━━ DATA SUPPLIED ━━

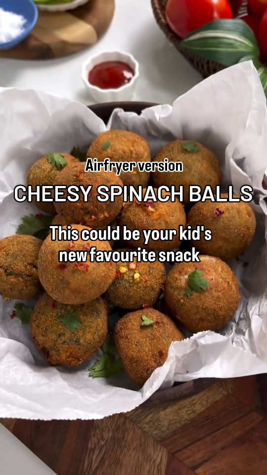 Cheesy spinach balls airfryer version. Protien rich healthy snacks for kids and family too. ➡️INGREDIENTS: 1cup chopped spinach ½ cup boiled sweetcorn ½ cup boiled chickpeas ½ cup besan 3 to 4 garlic cloves 1 teaspoon salt ➡️FOR FILLING: 1 cup grated cheese(mozzarella & cheddar mix)or any one type 1 teaspoon chilli flakes or crushed black pepper 1½teaspoon Chilli powder (optional) ➡️COATING:Bread crumbs ➡️RECIPE: Into a vessel add 2 cups water,add spinach boil & keep aside. ✅️Instead of boiled chickpeas, you can add ½ cup paneer. Now into a mixer jar, add spinach,sweetcorn, boiled chickpeas or paneer,garlic cloves & salt. Grind it into a coarse mixture. Transfer it into a mixing bowl and add besan. Mix it together & keep aside. Now into a separate bowl, add grated cheese,chilli flakes, or crushed pepper , and chilli powder mix it well. Now take a small portion of the spinach mixture, put some of the cheese, and make small balls out of it. Give it a coating with bread crumbs. Transfer all the spinach balls into airfryer,spray little oil, and Airfry at 180° for 15min. ✅️Follow for more healthy child friendly recipes. #snacksforkids #snacksrecipesforkids #kidsrecipes #homemadesnacks #spinachrecipes #healthyrecipes #healthysnackideas #healthysnacksforkids #toddlerrecipies
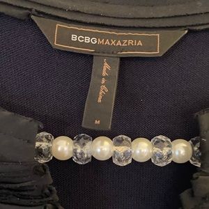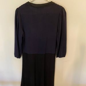 Lovely black and navy long sleeve knit BCBGMaxAzria dress with front ruffle and small black shiny buttons and knit belt.
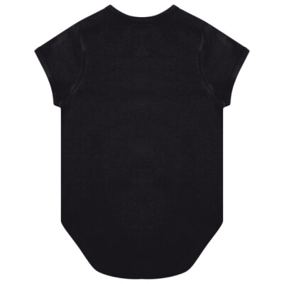 100% organic cotton. Single jersey. Envelope neckline. Self colour bound neckline, cuffs and leg openings. YKK bottom popper closure. Tag free.
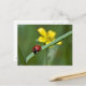 Uma ladybug (também conhecida como ladybird ou joelho) dando um passeio ao longo de uma folha de erva com uma flor amarela de rato-de-porco ao fundo. Fotografia macro tirada no Reino Unido. Personalize para adicionar seu próprio texto e outras opções.
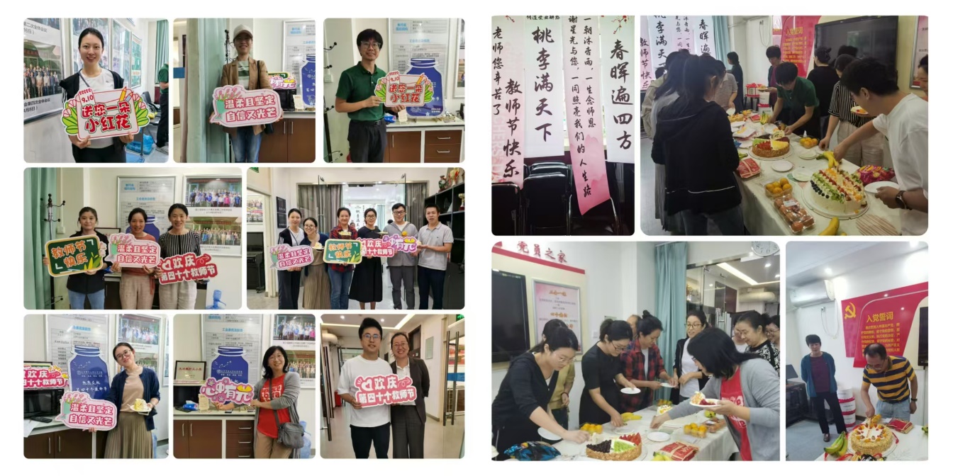 值此第40个教师节,51动漫 工会于9月10日下午在工会活动室成功举办庆祝教师节及教师集体生日活动。40余名教师欢聚一堂,共庆佳节,学院领导及工会委员向过生日的教师致以诚挚的祝福,并共同分享蛋糕,现场气氛温馨热烈。特别安排了手牌打卡拍照和心愿星投递等环节,深受教师好评。
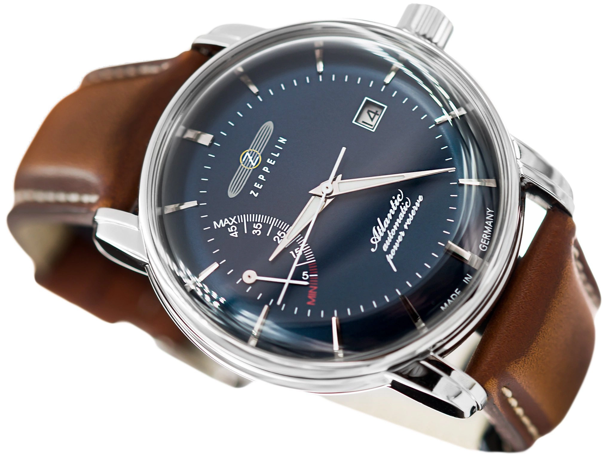 ZEPPELIN ATLANTIC 8462-3 elegancko prezentuje się na męskim nadgarstku. Użyta kolorystyka, połączenie granatowego, srebrnego z brązem, powoduje że zegarek prezentuje się świetnie. Na tarczy modelu, zamieszony jest datownik, który wskazuje aktualny dzień miesiąca. Z lewej strony znajduje się wskaźnik pokazujący czas rezerwy chodu, który wynosi 45 godzin. Cyferblat chroniony jest wypukłym, mineralnym szkiełkiem K1. Wskazówki srebrno-białe są fosforyzowane, po naświetleniu świecą przez jakiś czas. Dekielek zegarka jest przeszklony, co umożliwia podglądanie pracy automatycznego mechanizmu o kalibrze 9133 z liczbą 26 kamieni. Czasomierz będzie pracował, jeżeli będzie noszony na nadgarstku. Można go również ręcznie dokręcić, za pomocą koronki.
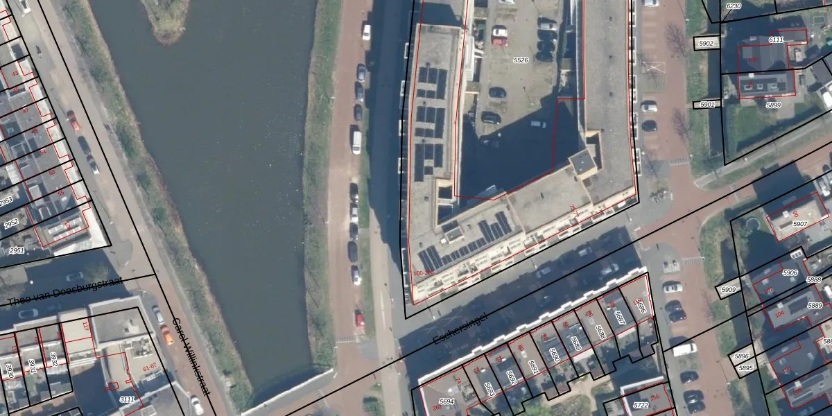Het perceel waarop Kees van Dongensingel 116 staat heeft een oppervlakte van 5215 m². Dit is een zeer groot perceel. De perceeloppervlakte wordt geregistreerd door het Kadaster. Gedetailleerde informatie over de maten van dit perceel kunt u vinden in het rapport Kadastrale kaart met maatvoering van Kees van Dongensingel 116.
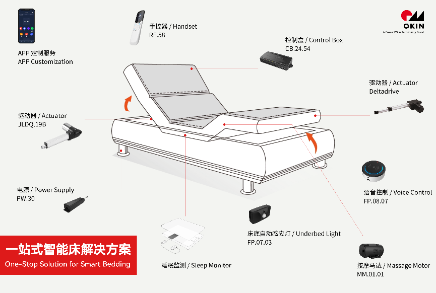 作为全球线性驱动技术巨头,德沃康旗下品牌德国OKIN专注对电动铁架重要部件的研发与创新,聚焦产品力,细分多人群、覆盖多场景,延展产品技术组合捕捉不同人群需求。
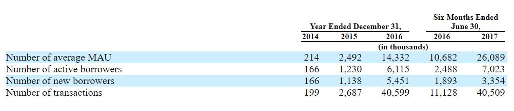 用户情况方面,根据招股书,截至2017年年中,趣店集团注册用户数约4790万,平均月度活跃用户数达2890.6万人,2017年第二季度实际交易用户数558.8万人。截至2017年6月30日的12个月中,交易额超过600亿元人民币,交易笔数接近7千万笔。
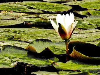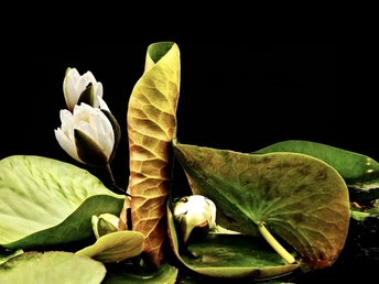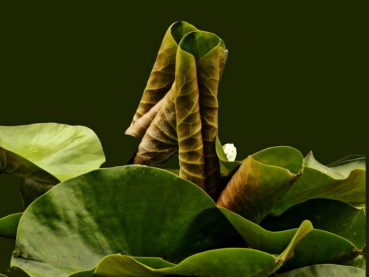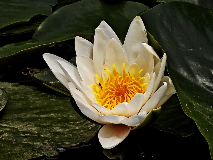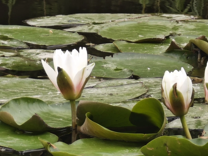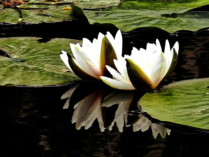 在幽谧的水面,睡莲悄然绽放。洁白花朵与翠绿叶片相依,于暗影中散发着宁静而优雅的气息,似是藏着一汪静谧的梦。
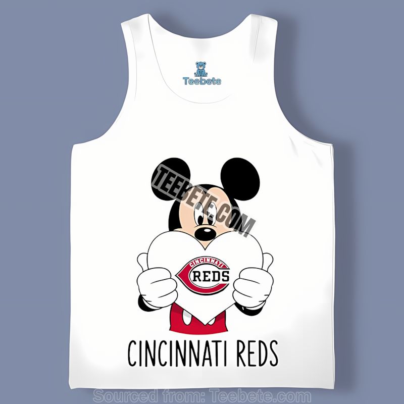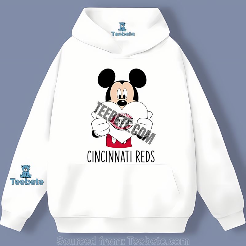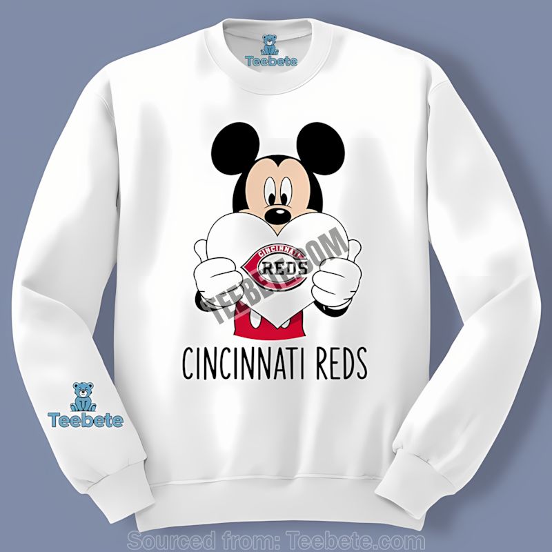 The heart shape, a universal symbol of love and passion, serves as the perfect canvas to unite the Reds’ iconic logo with Mickey Mouse’s playful charm. It’s a design that’s sure to resonate with fellow Reds fans and Disney enthusiasts alike. This unique combination of nostalgic charm and team spirit makes this more than just a shirt; it’s a statement piece that speaks volumes about your fandom.
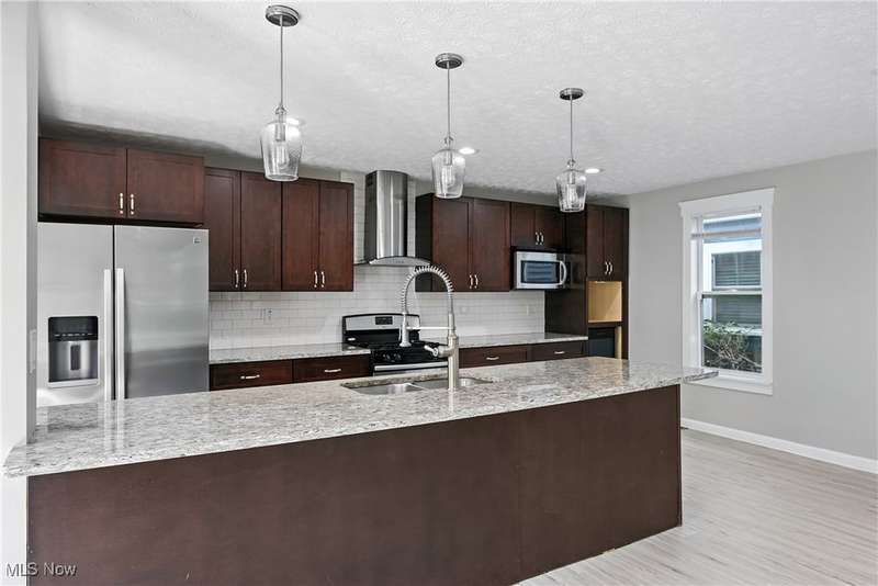 Beautiful Ohio City colonial with 3 FULL bathrooms, ready for immediate occupancy. Over 2,000 square feet of living space, first floor laundry, and a 2.5 car garage, this home truly will have everything you've been looking for. The welcoming front porch that has recently been rebuilt is the perfect place to start your morning with a cup of coffee. The first floor is spacious and a true open concept. Brand new LVP flooring and neutral paint throughout. The 10' island is ideal for entertaining. Upstairs is the freshly painted primary bedroom with vaulted ceilings, a large walk-in closet, and an en suite full bath. Two additional well-sized bedrooms round out the second floor with a shared bathroom. You'll love the fully fenced in backyard that has a deck and plenty of room for your pup to play. This property also features new vinyl siding on the main house. Ideal location, just north of Bridge Ave. and walkable to neighborhood favorites.
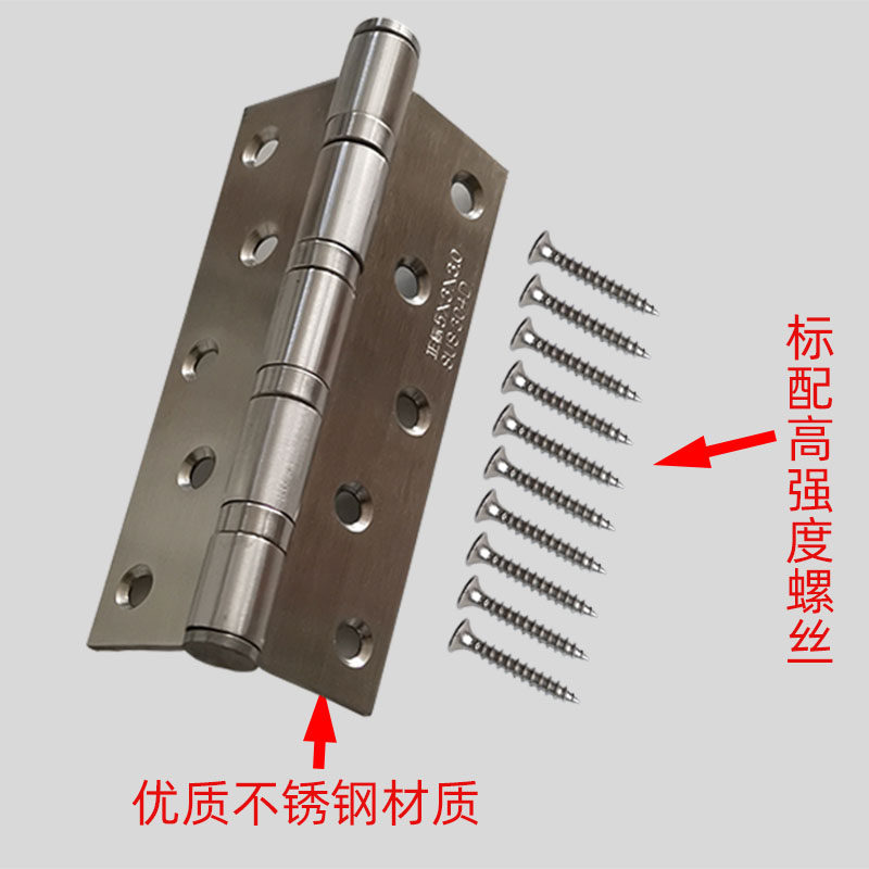 Steel door casement hinge 304 stainless wood door hinge loose-leaf door folding mute hinge plus bearing shaft thickness 4 inches 5
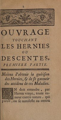 Credit: Ouvrage touchant les hernies, ou déscentes, divisé en deux parties / Par M. Dejean. Source: Wellcome Collection.

━━━

• TASK DETAILS: Using the data above, return the lines from the one holding "值此第40个教师节,51动漫" through the one holding "Het perceel waarop" exactly, but not the pictures.

• ANSWER SPACE:
 值此第40个教师节,51动漫 工会于9月10日下午在工会活动室成功举办庆祝教师节及教师集体生日活动。40余名教师欢聚一堂,共庆佳节,学院领导及工会委员向过生日的教师致以诚挚的祝福,并共同分享蛋糕,现场气氛温馨热烈。特别安排了手牌打卡拍照和心愿星投递等环节,深受教师好评。
 ZEPPELIN ATLANTIC 8462-3 elegancko prezentuje się na męskim nadgarstku. Użyta kolorystyka, połączenie granatowego, srebrnego z brązem, powoduje że zegarek prezentuje się świetnie. Na tarczy modelu, zamieszony jest datownik, który wskazuje aktualny dzień miesiąca. Z lewej strony znajduje się wskaźnik pokazujący czas rezerwy chodu, który wynosi 45 godzin. Cyferblat chroniony jest wypukłym, mineralnym szkiełkiem K1. Wskazówki srebrno-białe są fosforyzowane, po naświetleniu świecą przez jakiś czas. Dekielek zegarka jest przeszklony, co umożliwia podglądanie pracy automatycznego mechanizmu o kalibrze 9133 z liczbą 26 kamieni. Czasomierz będzie pracował, jeżeli będzie noszony na nadgarstku. Można go również ręcznie dokręcić, za pomocą koronki.
Het perceel waarop Kees van Dongensingel 116 staat heeft een oppervlakte van 5215 m². Dit is een zeer groot perceel. De perceeloppervlakte wordt geregistreerd door het Kadaster. Gedetailleerde informatie over de maten van dit perceel kunt u vinden in het rapport Kadastrale kaart met maatvoering van Kees van Dongensingel 116.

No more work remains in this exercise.